*** Opening Given information ***

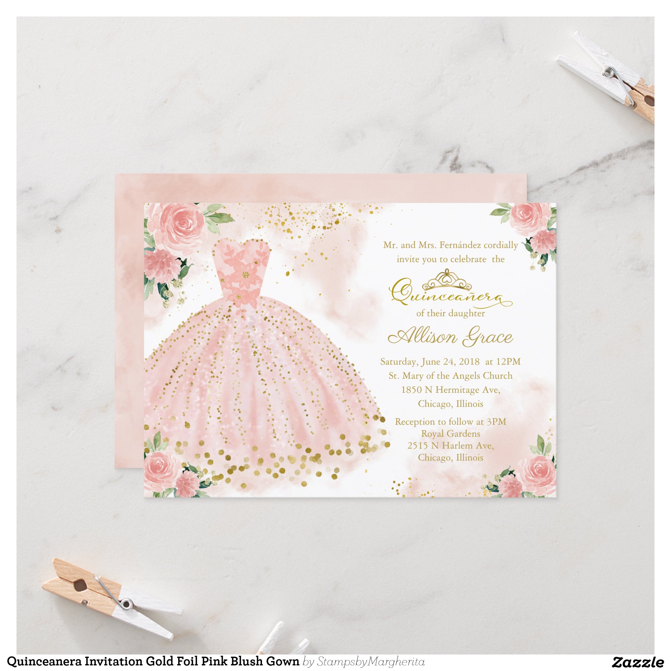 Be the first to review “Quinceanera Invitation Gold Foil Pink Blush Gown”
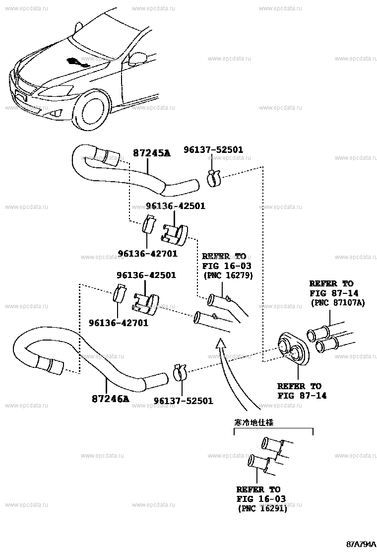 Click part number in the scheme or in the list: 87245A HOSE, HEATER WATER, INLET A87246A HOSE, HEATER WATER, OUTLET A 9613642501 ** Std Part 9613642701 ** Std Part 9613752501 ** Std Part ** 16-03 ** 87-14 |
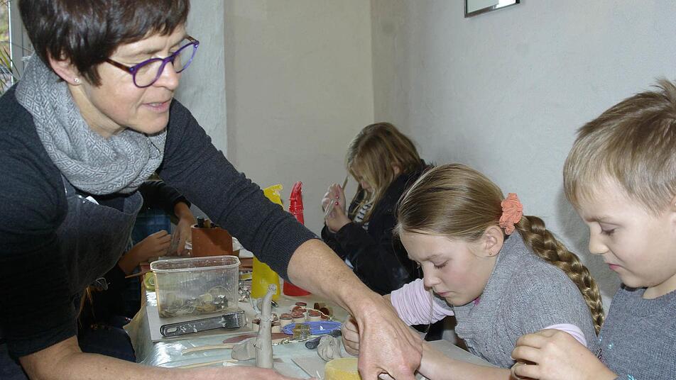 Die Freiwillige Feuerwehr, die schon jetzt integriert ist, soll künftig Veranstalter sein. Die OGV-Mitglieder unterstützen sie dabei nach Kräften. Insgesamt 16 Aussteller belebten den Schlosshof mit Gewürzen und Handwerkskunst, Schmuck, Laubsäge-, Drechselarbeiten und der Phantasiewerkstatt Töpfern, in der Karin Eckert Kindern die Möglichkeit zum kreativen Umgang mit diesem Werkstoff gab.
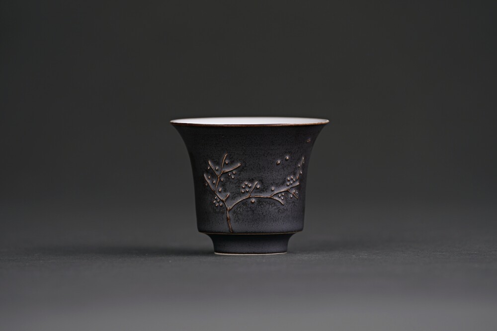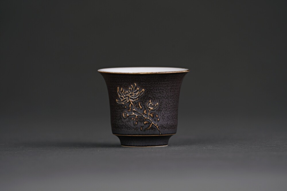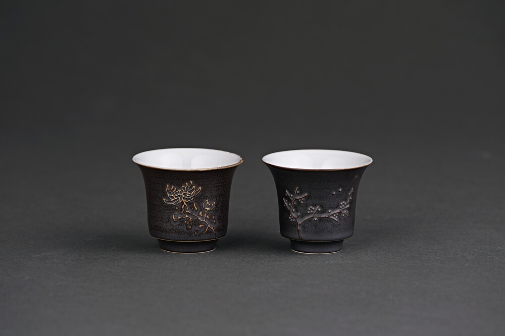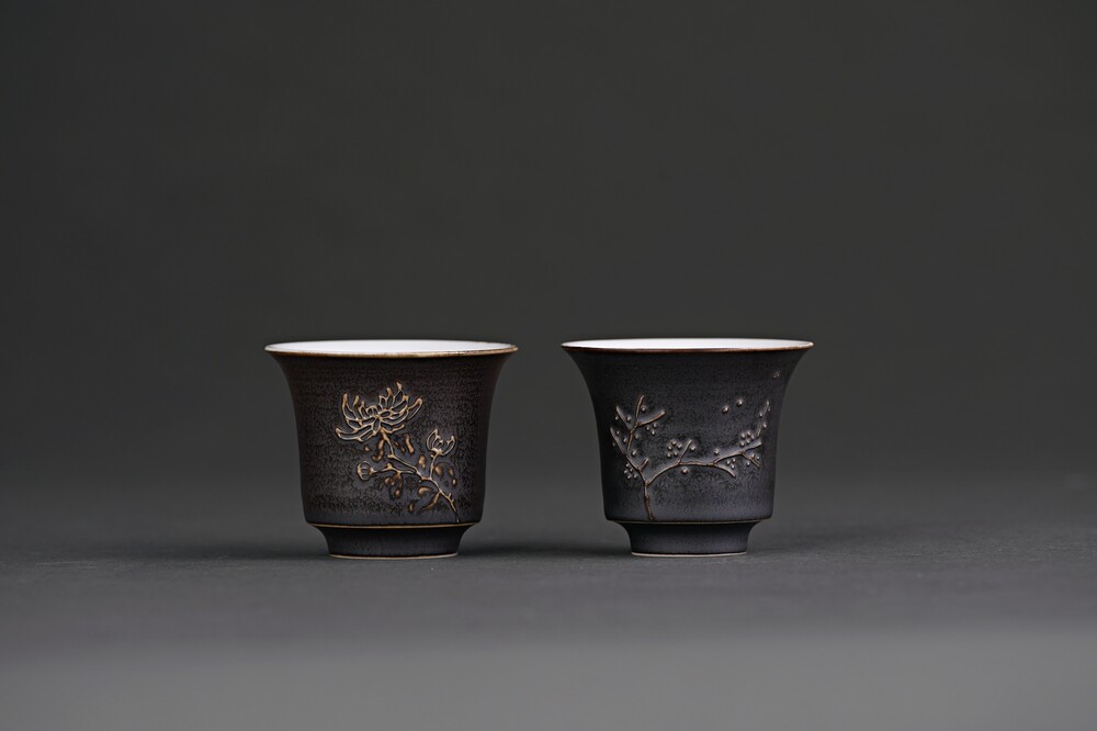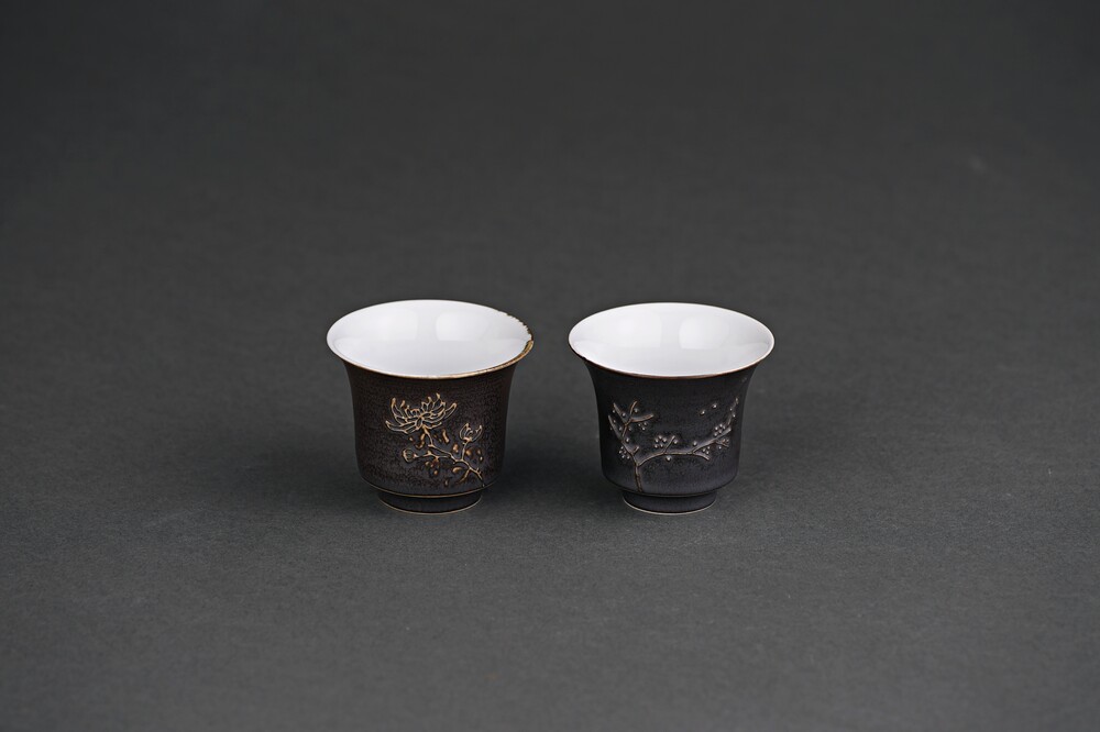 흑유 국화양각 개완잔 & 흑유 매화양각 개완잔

*** Closing Given information ***

§ Assignment: Skip all pictures. Then give again, exactly, each line from the line holding "Die Freiwillige Feuerwehr, die" through the last line of the listing above, both ends included.

§ Task answer:
 Die Freiwillige Feuerwehr, die schon jetzt integriert ist, soll künftig Veranstalter sein. Die OGV-Mitglieder unterstützen sie dabei nach Kräften. Insgesamt 16 Aussteller belebten den Schlosshof mit Gewürzen und Handwerkskunst, Schmuck, Laubsäge-, Drechselarbeiten und der Phantasiewerkstatt Töpfern, in der Karin Eckert Kindern die Möglichkeit zum kreativen Umgang mit diesem Werkstoff gab.
 흑유 국화양각 개완잔 & 흑유 매화양각 개완잔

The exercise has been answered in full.